AUGUST 20, 2011. Posted in: SUPPLY WORRIES

By Kelly Bonyata, BS, IBCLC

 Is forceful let-down the problem?

Does your baby do any of these things?

  • Gag, choke, strangle, gulp, gasp, cough while nursing as though the milk is coming too fast
  • Pull off the breast often while nursing
  • Clamp down on the nipple at let-down to slow the flow of milk
  • Make a clicking sound when nursing
  • Spit up very often and/or tend to be very gassy
  • Periodically refuse to nurse
  • Dislike comfort nursing in general

If some of this sounds familiar to you, you probably have a forceful let-down. This is often associated with too much milk (oversupply). Some mothers notice that the problems with fast letdown or oversupply don’t start until 3-6 weeks of age. Forceful let-down runs the gamut from a minor inconvenience to a major problem, depending upon how severe it is and how it affects the nursing relationship.

What can I do about it?

There are essentially two ways you can go about remedying a forceful let-down: (1) help baby deal with the fast flow and (2) take measures to adjust your milk supply down to baby’s needs. Since forceful let-down is generally a byproduct of oversupply, most moms will be working on both of these things. It may take a couple of weeks to see results from interventions for oversupply, so try to be patient and keep working on it.

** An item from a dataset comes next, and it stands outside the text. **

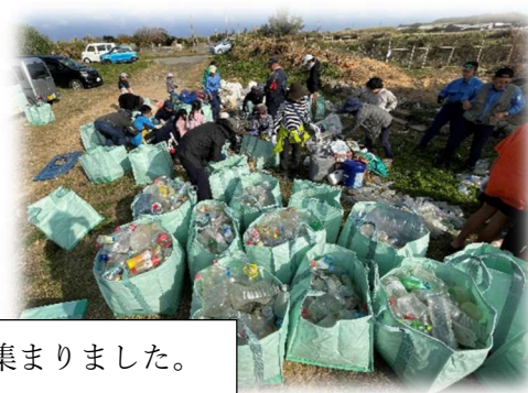
すごい量のごみが集まりました。

Help baby deal with the fast milk flow

  • Position baby so that she is nursing “uphill” in relation to mom’s breast, where gravity is working againstthe flow of milk. The most effective positions are those where baby’s head and throat are above the level of your nipple. Some nursing positions to try:
    • Cradle hold, but with mom leaning back (a recliner or lots of pillows helps)
    • Football hold, but with mom leaning back
    • Elevated football hold – like the football hold, but baby is sitting up and facing mom to nurse instead of lying down (good for nursing in public).
    • Side lying position – this allows baby to dribble the extra milk out of her mouth when it’s coming too fast
    • Australian position (mom is “down under”, aka posture feeding) – in this position, mom is lying on her back and baby is on top (facing down), tummy to tummy with mom. Avoid using this positioning frequently, as it may lead to plugged ducts.
  • Burp baby frequently if she is swallowing a lot of air.
  • Nurse more frequently. This will reduce the amount of milk that accumulates between feedings, so feedings are more manageable for baby.
  • Nurse when baby is sleepy and relaxed. Baby will suck more gently at this time, and the milk flow will be slower.
  • Wait until let-down occurs, then take baby off the breast while at the same time catching the milk in a towel or cloth diaper. Once the flow slows, you can put your baby back to the breast.
  • Pump or hand express until the flow of milk slows down, and then put baby to the breast. Use this only if nothing else is working, as it stimulates additional milk production. If you do this, try to express a little less milk each time until you are no longer expressing before nursing.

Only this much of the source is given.